WORK REQUEST:
Repeat every record word for word and omit the images.

Recorded data
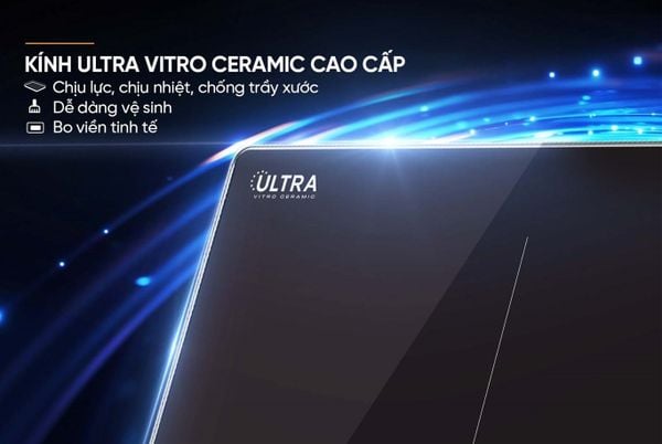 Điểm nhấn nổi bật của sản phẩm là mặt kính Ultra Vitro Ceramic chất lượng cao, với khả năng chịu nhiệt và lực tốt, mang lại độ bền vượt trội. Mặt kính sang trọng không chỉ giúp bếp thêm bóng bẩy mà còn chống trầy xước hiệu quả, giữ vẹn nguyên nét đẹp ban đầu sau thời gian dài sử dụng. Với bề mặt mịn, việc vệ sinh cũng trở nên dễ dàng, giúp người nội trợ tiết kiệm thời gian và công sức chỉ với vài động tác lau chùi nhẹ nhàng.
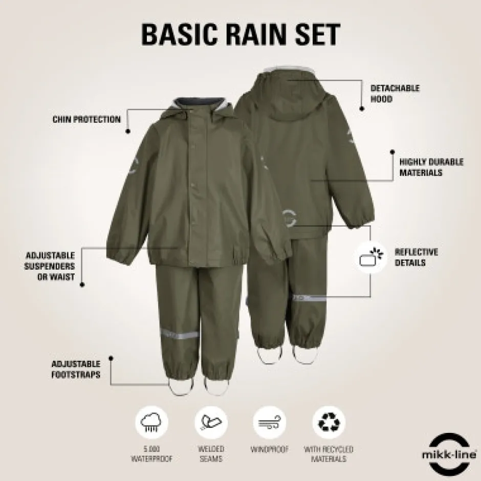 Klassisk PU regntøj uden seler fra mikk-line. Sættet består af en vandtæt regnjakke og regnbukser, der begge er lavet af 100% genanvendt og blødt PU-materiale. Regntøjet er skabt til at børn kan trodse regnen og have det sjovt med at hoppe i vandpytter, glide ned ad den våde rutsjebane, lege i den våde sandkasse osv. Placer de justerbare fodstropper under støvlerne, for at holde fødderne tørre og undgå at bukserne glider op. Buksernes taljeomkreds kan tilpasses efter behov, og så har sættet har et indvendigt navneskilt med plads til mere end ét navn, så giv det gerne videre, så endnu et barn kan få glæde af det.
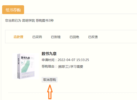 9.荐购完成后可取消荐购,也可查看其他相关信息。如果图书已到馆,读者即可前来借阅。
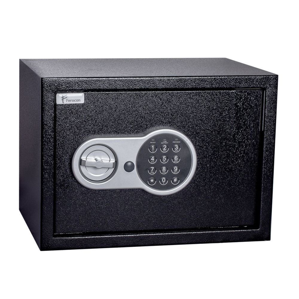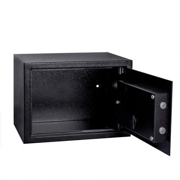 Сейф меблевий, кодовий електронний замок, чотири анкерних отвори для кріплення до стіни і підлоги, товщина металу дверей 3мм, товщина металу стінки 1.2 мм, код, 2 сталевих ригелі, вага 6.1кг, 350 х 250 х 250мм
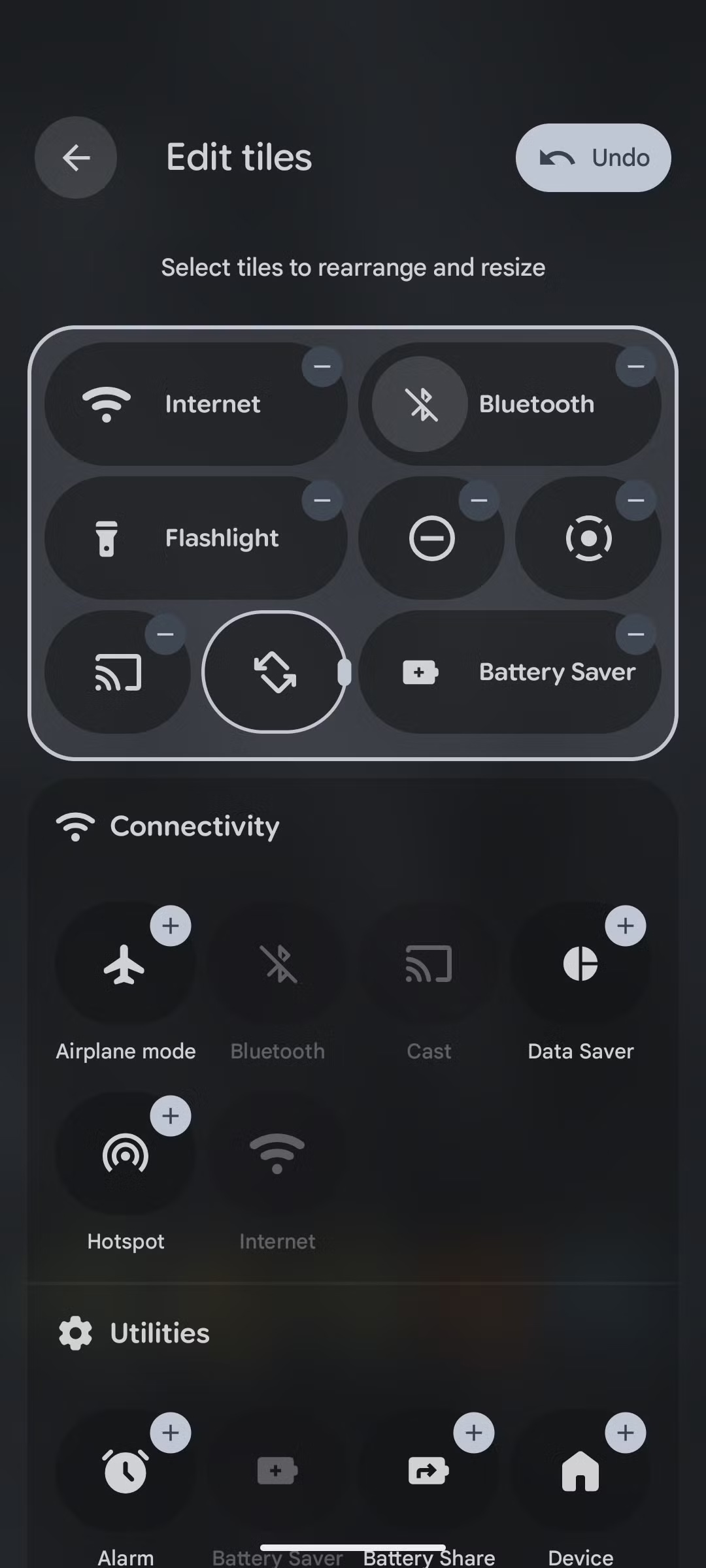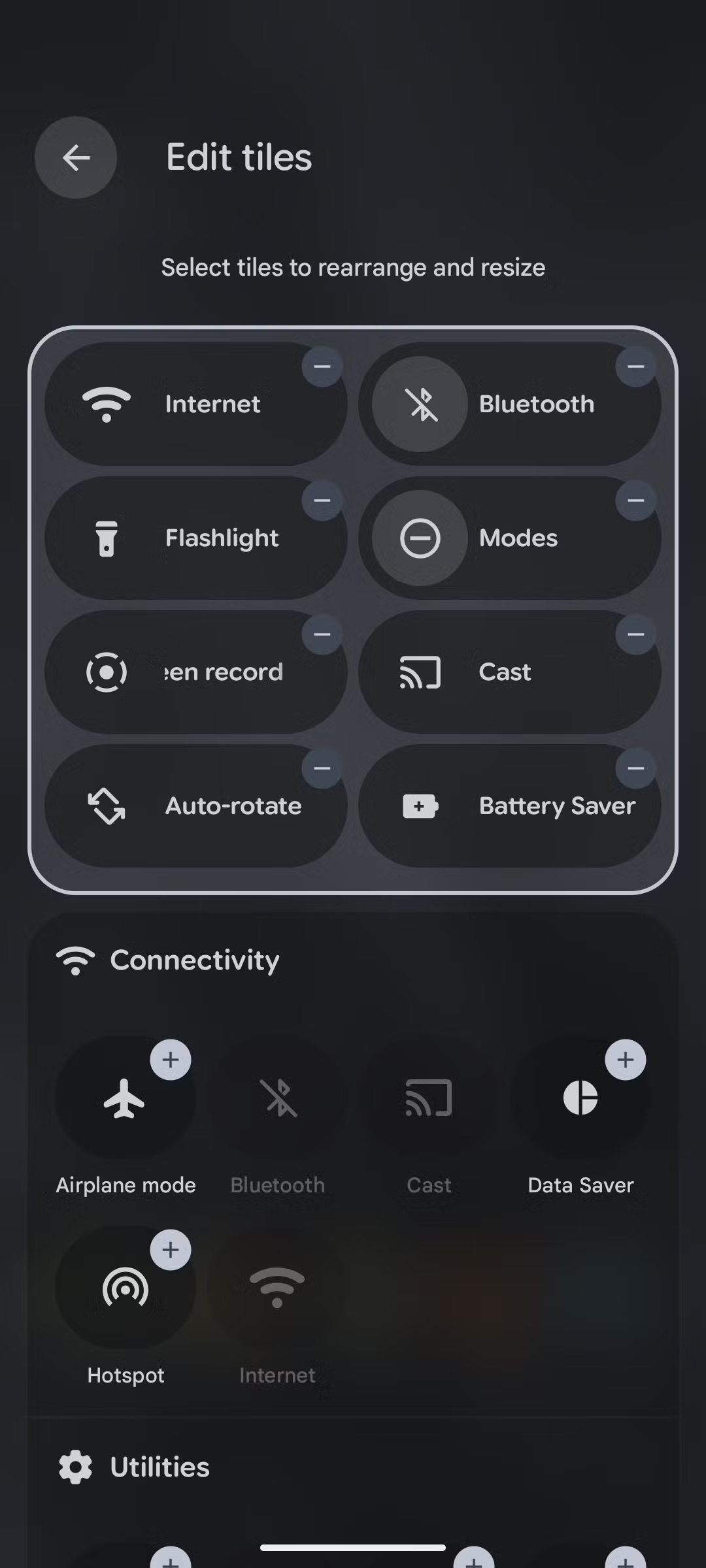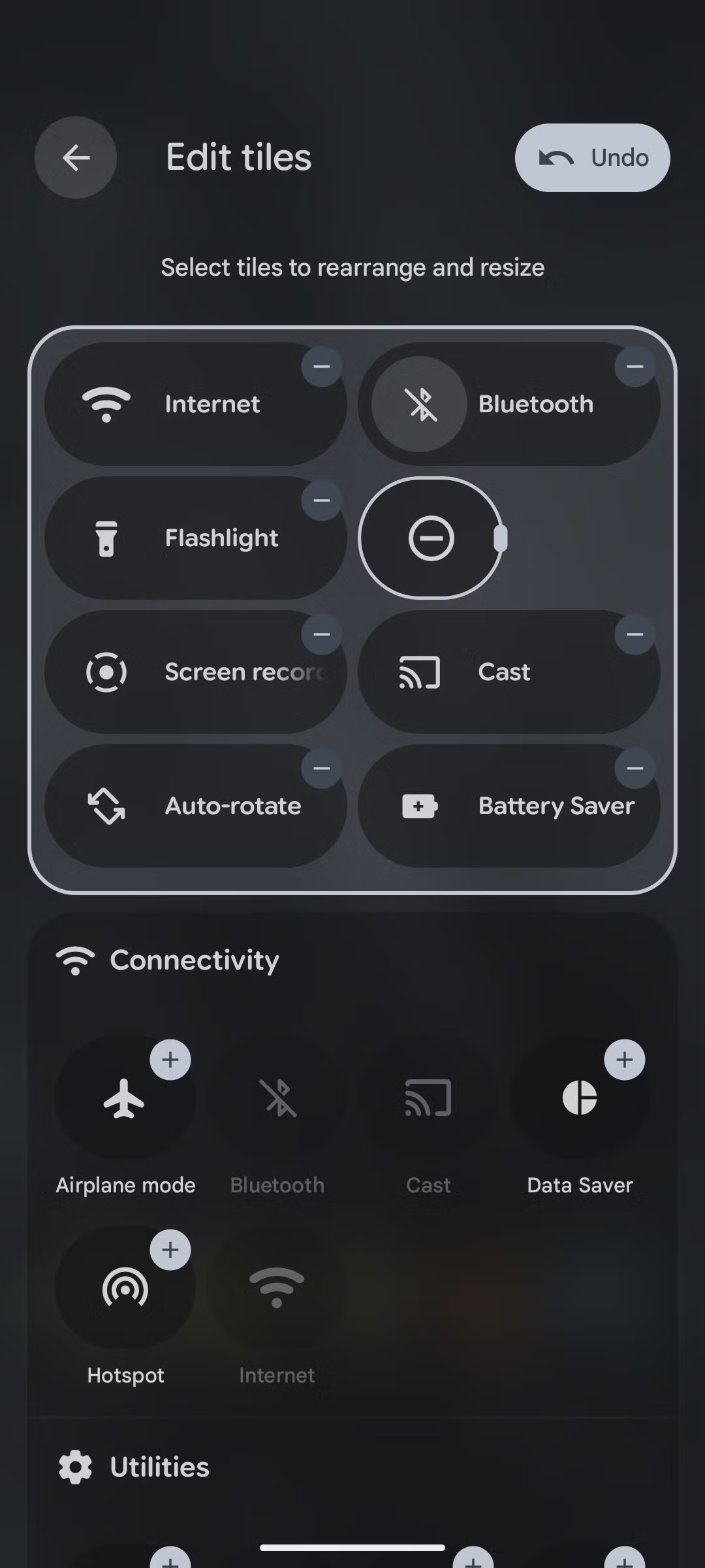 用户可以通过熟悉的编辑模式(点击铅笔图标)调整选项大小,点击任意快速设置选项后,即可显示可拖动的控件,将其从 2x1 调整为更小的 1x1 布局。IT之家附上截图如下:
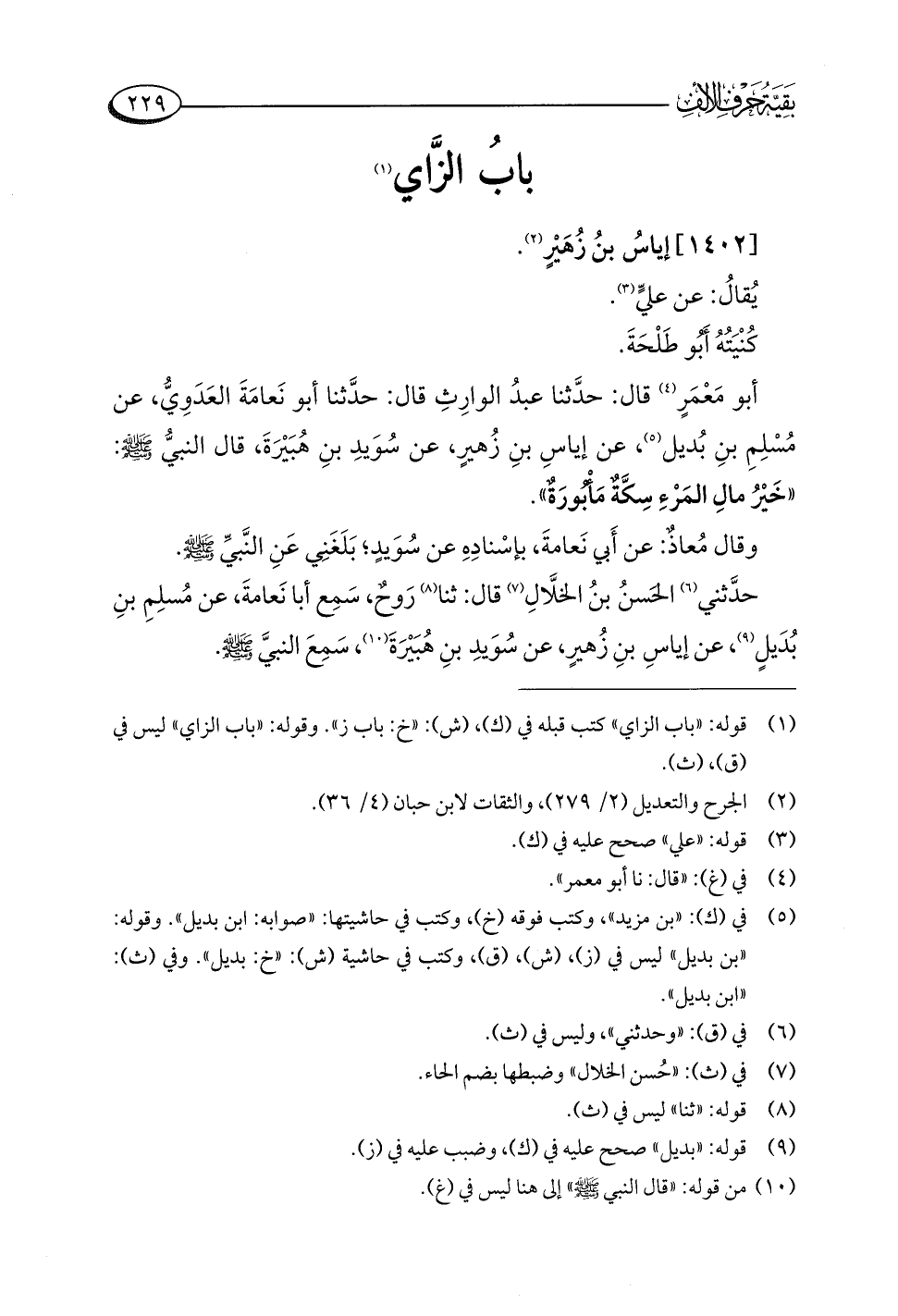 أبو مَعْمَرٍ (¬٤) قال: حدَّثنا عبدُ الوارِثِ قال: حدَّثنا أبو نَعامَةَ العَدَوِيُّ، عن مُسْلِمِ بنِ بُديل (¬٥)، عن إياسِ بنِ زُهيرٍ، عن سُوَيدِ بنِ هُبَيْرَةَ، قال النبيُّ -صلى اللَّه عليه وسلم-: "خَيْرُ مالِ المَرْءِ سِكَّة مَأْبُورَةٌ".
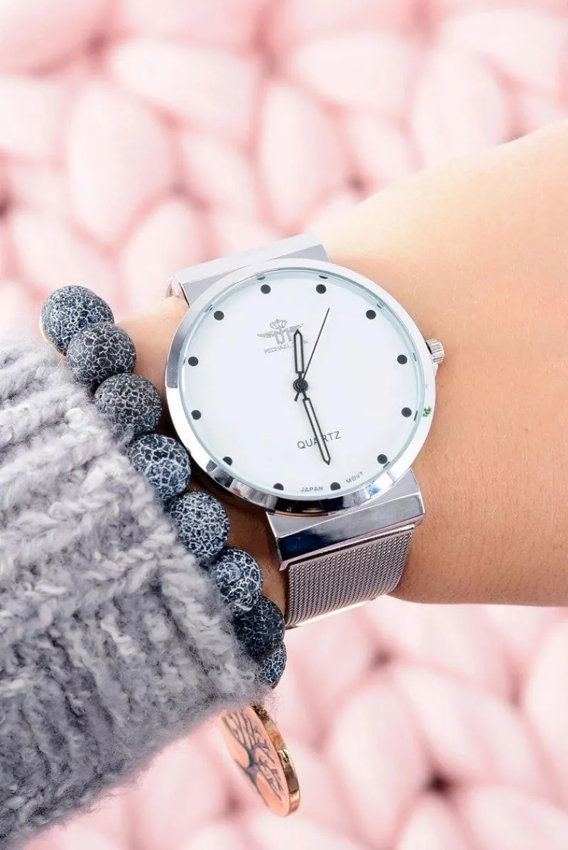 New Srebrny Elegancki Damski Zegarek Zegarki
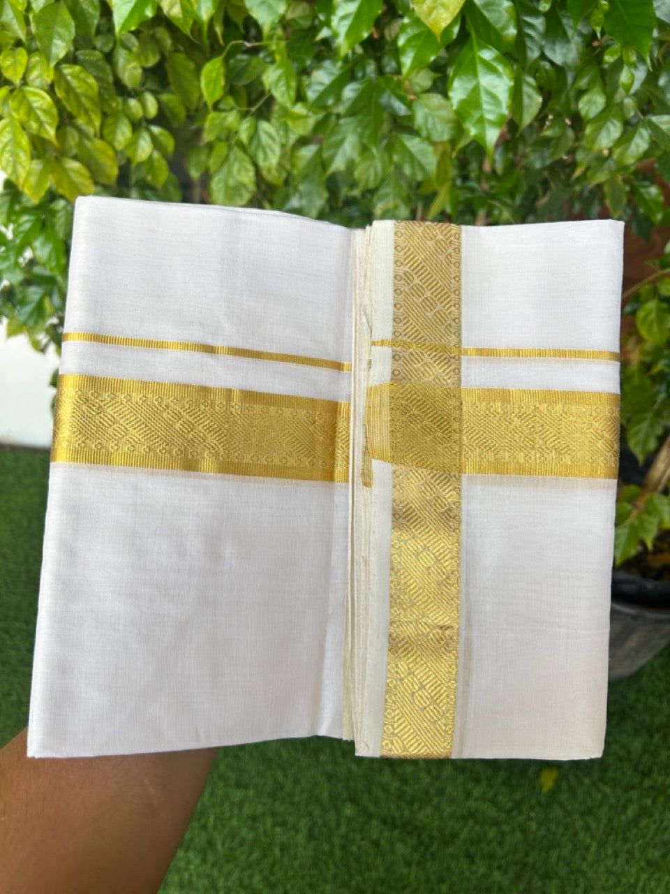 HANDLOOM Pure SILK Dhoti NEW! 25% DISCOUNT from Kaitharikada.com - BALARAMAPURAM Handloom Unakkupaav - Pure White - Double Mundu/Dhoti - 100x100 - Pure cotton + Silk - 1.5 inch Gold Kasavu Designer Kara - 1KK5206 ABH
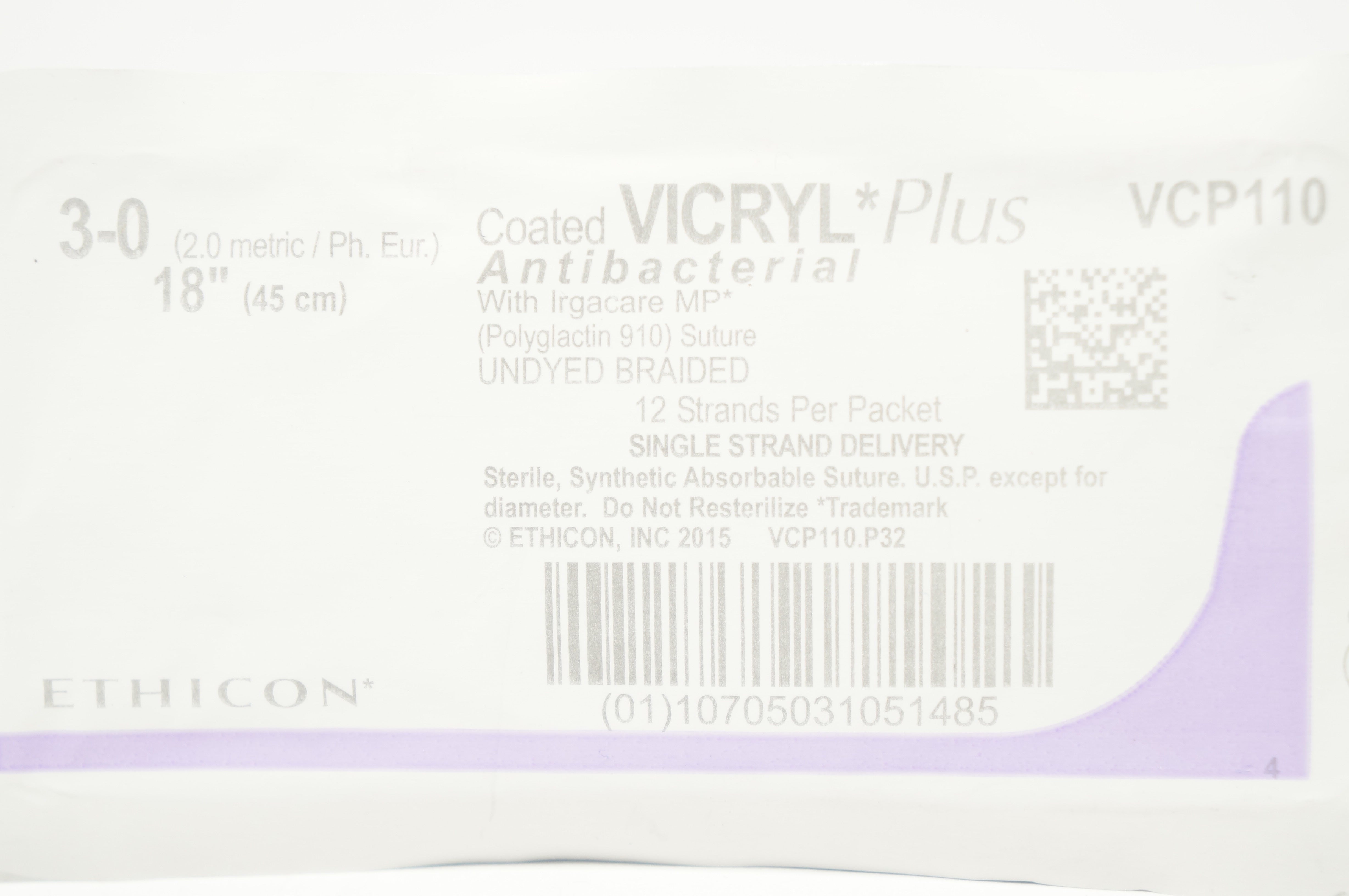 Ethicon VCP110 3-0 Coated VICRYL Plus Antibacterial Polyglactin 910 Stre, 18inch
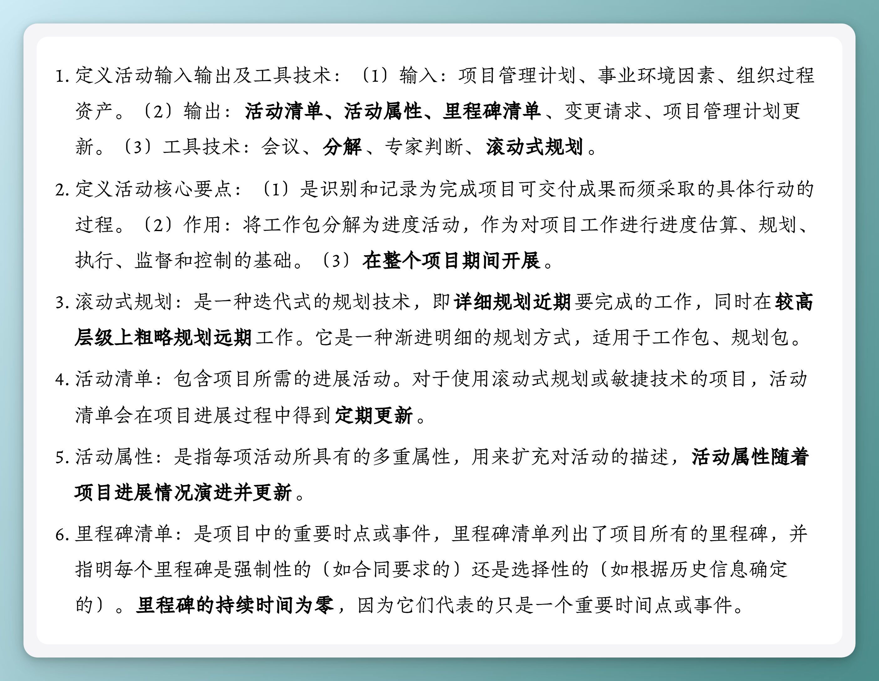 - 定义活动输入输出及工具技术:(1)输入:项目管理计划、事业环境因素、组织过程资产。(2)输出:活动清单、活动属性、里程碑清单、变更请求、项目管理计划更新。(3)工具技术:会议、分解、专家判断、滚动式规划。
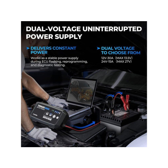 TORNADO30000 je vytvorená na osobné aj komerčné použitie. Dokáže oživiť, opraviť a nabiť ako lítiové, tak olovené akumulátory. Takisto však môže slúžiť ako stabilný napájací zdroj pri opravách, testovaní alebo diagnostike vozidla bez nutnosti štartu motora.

WRITTEN SOLUTION:
 Điểm nhấn nổi bật của sản phẩm là mặt kính Ultra Vitro Ceramic chất lượng cao, với khả năng chịu nhiệt và lực tốt, mang lại độ bền vượt trội. Mặt kính sang trọng không chỉ giúp bếp thêm bóng bẩy mà còn chống trầy xước hiệu quả, giữ vẹn nguyên nét đẹp ban đầu sau thời gian dài sử dụng. Với bề mặt mịn, việc vệ sinh cũng trở nên dễ dàng, giúp người nội trợ tiết kiệm thời gian và công sức chỉ với vài động tác lau chùi nhẹ nhàng.
 Klassisk PU regntøj uden seler fra mikk-line. Sættet består af en vandtæt regnjakke og regnbukser, der begge er lavet af 100% genanvendt og blødt PU-materiale. Regntøjet er skabt til at børn kan trodse regnen og have det sjovt med at hoppe i vandpytter, glide ned ad den våde rutsjebane, lege i den våde sandkasse osv. Placer de justerbare fodstropper under støvlerne, for at holde fødderne tørre og undgå at bukserne glider op. Buksernes taljeomkreds kan tilpasses efter behov, og så har sættet har et indvendigt navneskilt med plads til mere end ét navn, så giv det gerne videre, så endnu et barn kan få glæde af det.
 9.荐购完成后可取消荐购,也可查看其他相关信息。如果图书已到馆,读者即可前来借阅。
 Сейф меблевий, кодовий електронний замок, чотири анкерних отвори для кріплення до стіни і підлоги, товщина металу дверей 3мм, товщина металу стінки 1.2 мм, код, 2 сталевих ригелі, вага 6.1кг, 350 х 250 х 250мм
 用户可以通过熟悉的编辑模式(点击铅笔图标)调整选项大小,点击任意快速设置选项后,即可显示可拖动的控件,将其从 2x1 调整为更小的 1x1 布局。IT之家附上截图如下:
 أبو مَعْمَرٍ (¬٤) قال: حدَّثنا عبدُ الوارِثِ قال: حدَّثنا أبو نَعامَةَ العَدَوِيُّ، عن مُسْلِمِ بنِ بُديل (¬٥)، عن إياسِ بنِ زُهيرٍ، عن سُوَيدِ بنِ هُبَيْرَةَ، قال النبيُّ -صلى اللَّه عليه وسلم-: "خَيْرُ مالِ المَرْءِ سِكَّة مَأْبُورَةٌ".
 New Srebrny Elegancki Damski Zegarek Zegarki
 HANDLOOM Pure SILK Dhoti NEW! 25% DISCOUNT from Kaitharikada.com - BALARAMAPURAM Handloom Unakkupaav - Pure White - Double Mundu/Dhoti - 100x100 - Pure cotton + Silk - 1.5 inch Gold Kasavu Designer Kara - 1KK5206 ABH
 Ethicon VCP110 3-0 Coated VICRYL Plus Antibacterial Polyglactin 910 Stre, 18inch
 - 定义活动输入输出及工具技术:(1)输入:项目管理计划、事业环境因素、组织过程资产。(2)输出:活动清单、活动属性、里程碑清单、变更请求、项目管理计划更新。(3)工具技术:会议、分解、专家判断、滚动式规划。
 TORNADO30000 je vytvorená na osobné aj komerčné použitie. Dokáže oživiť, opraviť a nabiť ako lítiové, tak olovené akumulátory. Takisto však môže slúžiť ako stabilný napájací zdroj pri opravách, testovaní alebo diagnostike vozidla bez nutnosti štartu motora.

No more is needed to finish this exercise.